▶ _TRY IT_: Please transcribe exactly, and only, the lines of the data below between the line holding "刑法 第36章 妨害電腦使用罪" and the line holding "SMD Type NPN", inclusive.

▶ _SUPPLIED DATA_:
———
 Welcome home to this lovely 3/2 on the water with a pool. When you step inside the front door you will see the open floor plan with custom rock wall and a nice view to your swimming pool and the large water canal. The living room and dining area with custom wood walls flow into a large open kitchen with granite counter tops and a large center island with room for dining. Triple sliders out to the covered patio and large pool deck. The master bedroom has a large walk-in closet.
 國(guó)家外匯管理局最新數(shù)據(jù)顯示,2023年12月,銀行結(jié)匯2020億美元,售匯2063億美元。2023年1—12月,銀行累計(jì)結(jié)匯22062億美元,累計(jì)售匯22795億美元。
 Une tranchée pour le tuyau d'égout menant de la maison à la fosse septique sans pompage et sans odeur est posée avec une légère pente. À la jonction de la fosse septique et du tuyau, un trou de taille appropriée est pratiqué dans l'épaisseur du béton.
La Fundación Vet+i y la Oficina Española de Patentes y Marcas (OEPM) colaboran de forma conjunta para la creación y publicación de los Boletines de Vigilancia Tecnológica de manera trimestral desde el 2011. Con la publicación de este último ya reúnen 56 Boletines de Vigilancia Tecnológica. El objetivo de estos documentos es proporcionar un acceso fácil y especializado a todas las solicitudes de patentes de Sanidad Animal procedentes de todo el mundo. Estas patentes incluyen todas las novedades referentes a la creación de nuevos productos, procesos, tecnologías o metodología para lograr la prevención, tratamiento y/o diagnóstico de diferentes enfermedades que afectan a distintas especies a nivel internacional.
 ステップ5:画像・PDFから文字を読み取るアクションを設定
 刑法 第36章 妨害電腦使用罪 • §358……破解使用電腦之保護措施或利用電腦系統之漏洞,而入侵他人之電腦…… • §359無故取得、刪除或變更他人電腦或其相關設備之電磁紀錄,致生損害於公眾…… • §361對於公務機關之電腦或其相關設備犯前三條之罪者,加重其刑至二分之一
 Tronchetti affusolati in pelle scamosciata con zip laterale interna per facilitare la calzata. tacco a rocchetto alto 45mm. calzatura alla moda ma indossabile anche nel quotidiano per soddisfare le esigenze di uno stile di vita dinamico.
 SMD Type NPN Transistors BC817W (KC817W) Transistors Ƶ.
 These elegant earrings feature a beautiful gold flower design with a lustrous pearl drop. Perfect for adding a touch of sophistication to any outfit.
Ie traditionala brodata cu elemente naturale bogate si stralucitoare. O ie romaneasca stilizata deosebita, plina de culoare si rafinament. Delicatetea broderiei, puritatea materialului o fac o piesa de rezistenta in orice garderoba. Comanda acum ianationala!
———
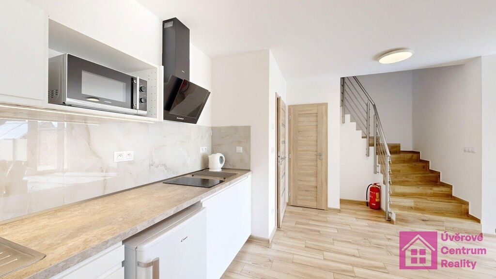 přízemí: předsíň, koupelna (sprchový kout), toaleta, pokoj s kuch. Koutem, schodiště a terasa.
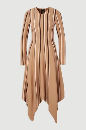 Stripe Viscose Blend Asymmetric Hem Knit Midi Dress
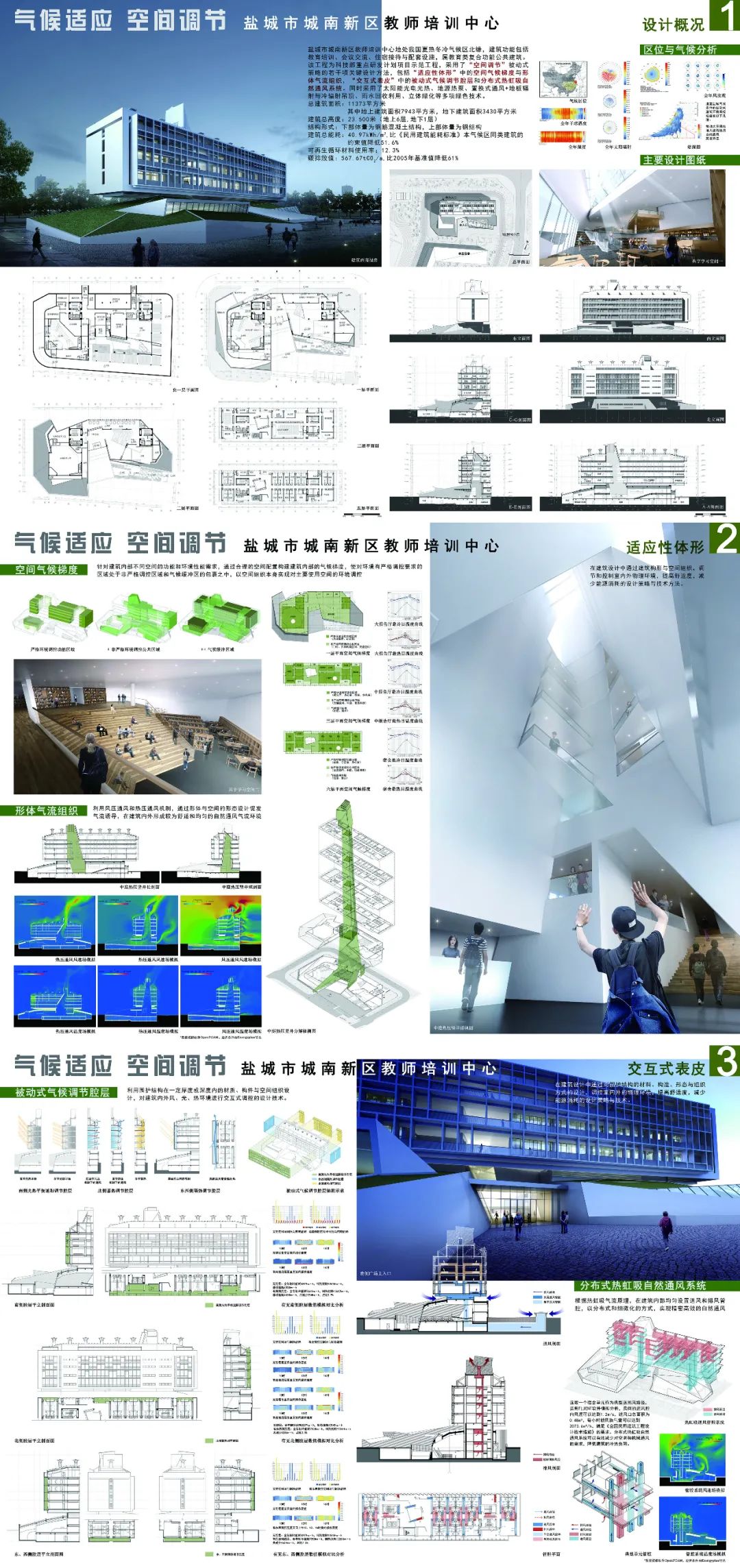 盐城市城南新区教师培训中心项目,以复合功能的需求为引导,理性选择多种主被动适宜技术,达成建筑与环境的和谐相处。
———
▶ _WORKED SOLUTION_:
 刑法 第36章 妨害電腦使用罪 • §358……破解使用電腦之保護措施或利用電腦系統之漏洞,而入侵他人之電腦…… • §359無故取得、刪除或變更他人電腦或其相關設備之電磁紀錄,致生損害於公眾…… • §361對於公務機關之電腦或其相關設備犯前三條之罪者,加重其刑至二分之一
 Tronchetti affusolati in pelle scamosciata con zip laterale interna per facilitare la calzata. tacco a rocchetto alto 45mm. calzatura alla moda ma indossabile anche nel quotidiano per soddisfare le esigenze di uno stile di vita dinamico.
 SMD Type NPN Transistors BC817W (KC817W) Transistors Ƶ.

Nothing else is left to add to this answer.